Великий пост, приближается Страстная неделя, время покаяния. Я сижу на небольшой скамеечке в боковом приделе. В полумраке церкви видны фигуры – две старые девы, вот уж кто не беспокоится за свое жалкое тело, не приносящее плодов!
Я стыжусь этой отдающей средневековьем веры. Я знакома с научной теорией происхождения жизни, я знаю, что жизнь зародилась в воде, куда попали микроорганизмы, я читала труды агностиков, рассуждения самых вольнодумных мистиков… я путешествовала, знала плотские утехи, вышла замуж и развелась, в конце концов, я современная женщина, без предрассудков. Что я делаю здесь, вместе с этими ханжами? Вечер среды, всюду продаются шоколадные яйца, дети ждут подарков, Его ждет Голгофа.
Мне неуютно на этой скамеечке, чувствую, что я здесь некстати, я присваиваю чужое, как те туристы, которые, дожевывая бутерброд, разглядывают фрески через объектив фотоаппарата. Хочу уйти сейчас же, немедленно, но остаюсь, сижу и плачу.
Я всегда считала, что могу управлять своей жизнью, контролировать каждый свой шаг. Долгое время принимала противозачаточные таблетки. Смешно!
На этот праздник жизни меня не пригласили.

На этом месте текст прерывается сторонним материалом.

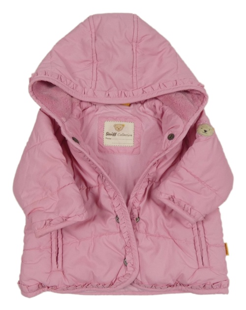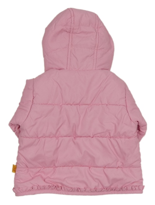 Růžová šusťáková zimní bunda s volánky a kapucí

Наверное, нужно смириться. Я знаю, не всем дано иметь детей.
Сижу, вцепившись в сумку, – там бумажник, раздутый от кредиток, документы, паспортные данные: глаза голубые, волосы каштановые, пол женский. Чрево мертвое.
Разум сыграл со мной злую шутку. Мой рационализм оказался никчемным. Почва, на которой, казалось, я крепко стояла, уходит из-под ног.
Мне не хватает храбрости уверовать. Простодушия во мне тоже нет. Бог со своей высоты всего лишь потворствует человеческим недостаткам.
Врач говорил о чуде, о последней возможности, не постижимой разумом. Я, по правде говоря, пришла сюда за чудом. Сделала нелепую попытку и ухожу, поджав хвост: нет надежды на воздаяние, когда вера настолько слаба. Хочу встать, но что-то меня удерживает, заставляет склонить голову, смириться.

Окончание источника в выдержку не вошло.